I've got this idea, and I wonder if anyone has done it already,
and if not then why. The idea is to put the TCP logic over UDP.

I've done some googling and all I've found is some academical
user-space implementations of TCP that actually try to interoperate
with "real" TCP. What I'm thinking about is different. It's
to use the TCP-derived logic as a portable library that would
do the good flow control, retransmitting, delivery confirmations 
etc over UDP.

Basically, every time you use UDP, you've got to reinvent your
own retransmission and reliability protocol. And these protocols
are typically no good at all, as the story with NFS switching
from UDP to TCP and improving the performance shows.

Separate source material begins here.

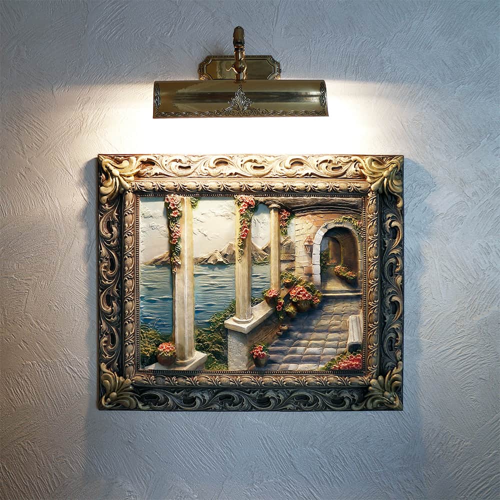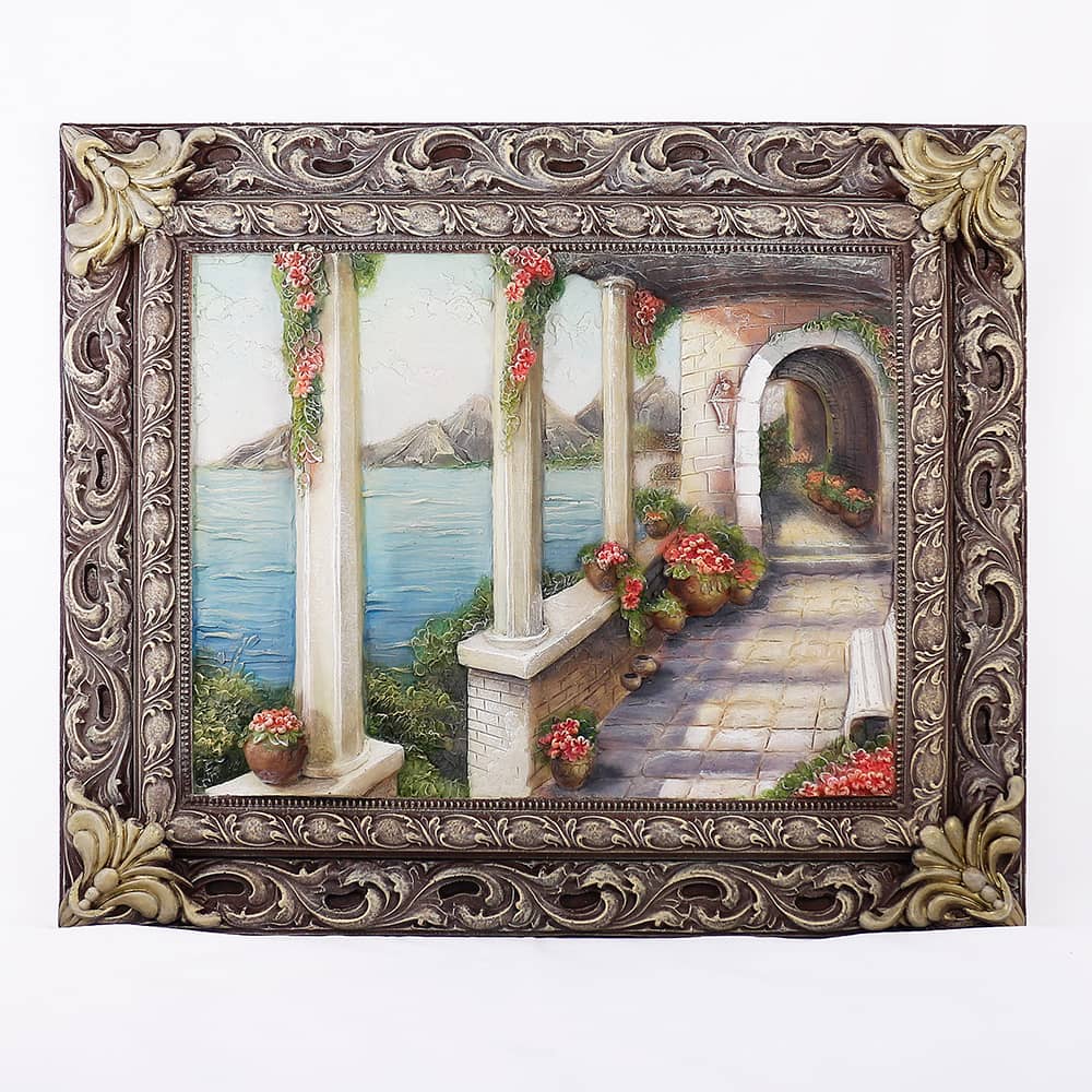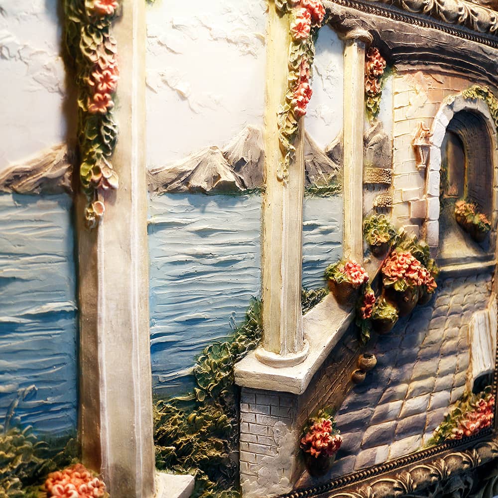 Цветная картина ручной работы «Итальянский дворик» изготовлена из полирезины и камня. Эта объемная картина небольшого размера (52*62 см) станет украшением домашнего очага.

At the same
time TCP provides a very good transport control logic, so why not
just reuse this logic in a library to solve the UDP issues once
and for all?

Then of course, why not just use TCP? The problem of TCP is that
it's expensive. It uses the kernel memory for its contexts.
It also requires a file descriptor per each connection. The file
descriptors are an expensive resource, and besides, even if
the limit is raised, there is the issue with historic select()
fd_set allocating only 1024 bits and nobody checking for the
overflow. Even if your own code is carefully designed to avoid using
select() at all and/or create large enough bitmasks, it could
always happen to use some stupid library that doesn't do that 
and causes the interesting one-bit memory corruptions.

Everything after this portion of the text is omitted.